A confidence interval or significance test is called stable if the confidence level or P-value does not change very much when the conditions for use of the procedure are violated

The stability of a confidence interval or significance test refers to the sensitivity of the results when the conditions required for the procedure are violated. In other words, it assesses whether the outcome (confidence level or p-value) remains relatively constant or changes significantly when the assumptions of the analysis are not met.

To determine if a confidence interval or significance test is stable despite violations of the assumptions, you can perform sensitivity analysis. Here's how you can do it:

1. Identify the assumptions: Start by understanding the conditions or assumptions that are required for the particular confidence interval or significance test. For example, assumptions might include normality of the data, independence, or equal variances between groups.

2. Simulate violations: Introduce potential violations by simulating scenarios that deviate from the assumptions. For instance, if you are assuming normality, you can create datasets with non-normal distributions.

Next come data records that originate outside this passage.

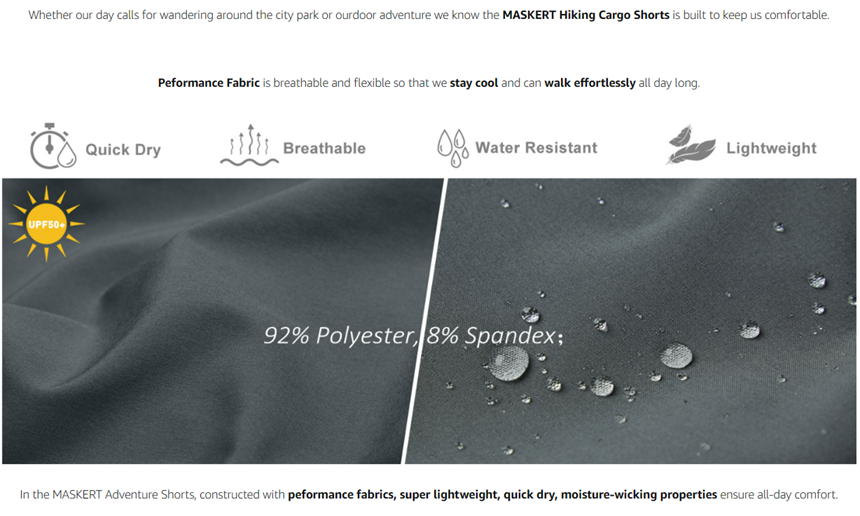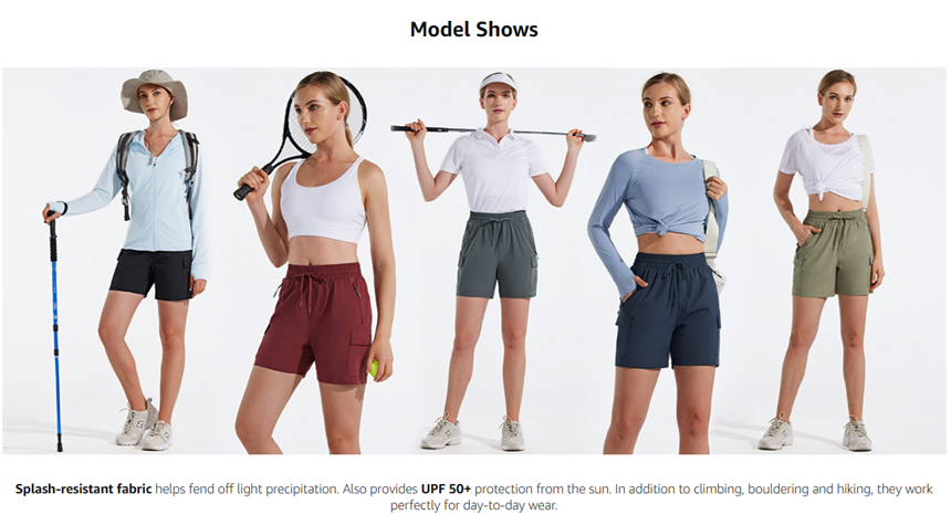• Advanced Technology ---- The womens hiking shorts made of lightweight, quick dry, breathable and water-resistant fabric wicks moisture to keep your skin cool and fresh all day.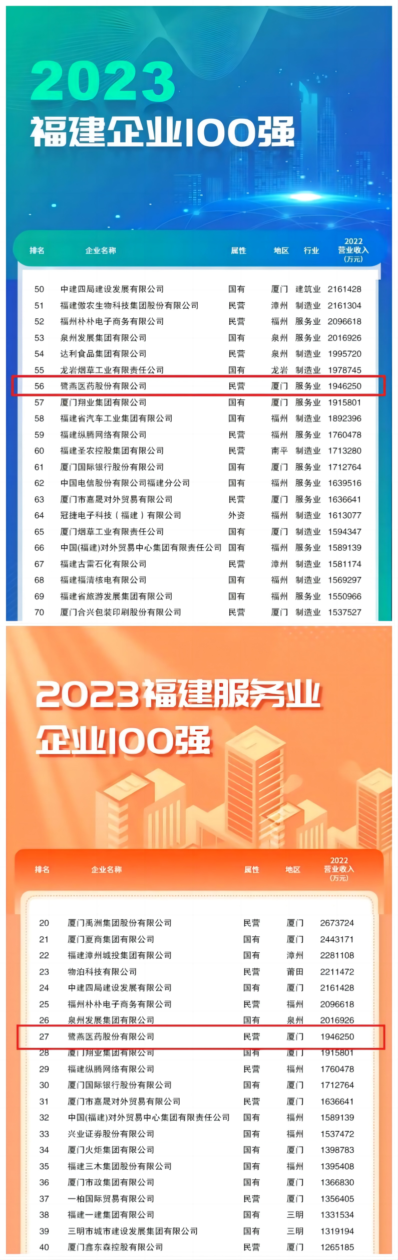 鷺燕醫藥股份有限公司本次榮登《2023福建企業100強》榜單第56位、在《福建服務業企業100強》排名第27位!
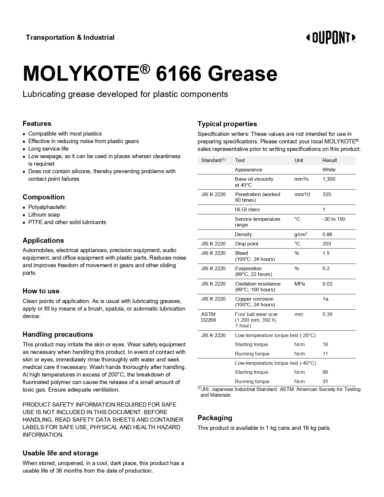 MOLYKOTE® 6166 Grease is a silicone-free, polyalphaolefin (PAO)-based grease thickened with lithium soap.The grease includes white solid lubricants, designed to reduce noise and provide smooth, low-friction performance.Primarily developed for plastic components, particularly plastic gears, known for their susceptibility to wear and noise amplification. It’s widely recognized for its noise-reducing properties, excellent adhesion, oxidation resistance, and compatibility with plastics, rubbers, and water-prone environments.

3. Calculate confidence intervals or p-values: Apply the chosen confidence interval or significance test to each simulated dataset. Calculate the confidence intervals or p-values under the violated conditions.

4. Compare results: Compare the confidence levels or p-values obtained under the different simulated scenarios. Assess whether there are significant changes in the results when the assumptions are violated. If the confidence levels or p-values vary significantly, the procedure may be considered unstable. On the other hand, if the differences are minimal, the procedure can be seen as stable.

It is important to note that the stability of a confidence interval or significance test does not imply that the procedure is valid or reliable under the violated assumptions. It just suggests that the results are less sensitive to the violations. Therefore, if the assumptions are strongly violated, it is recommended to consider alternative procedures that are appropriate for the specific situation, rather than relying solely on stability.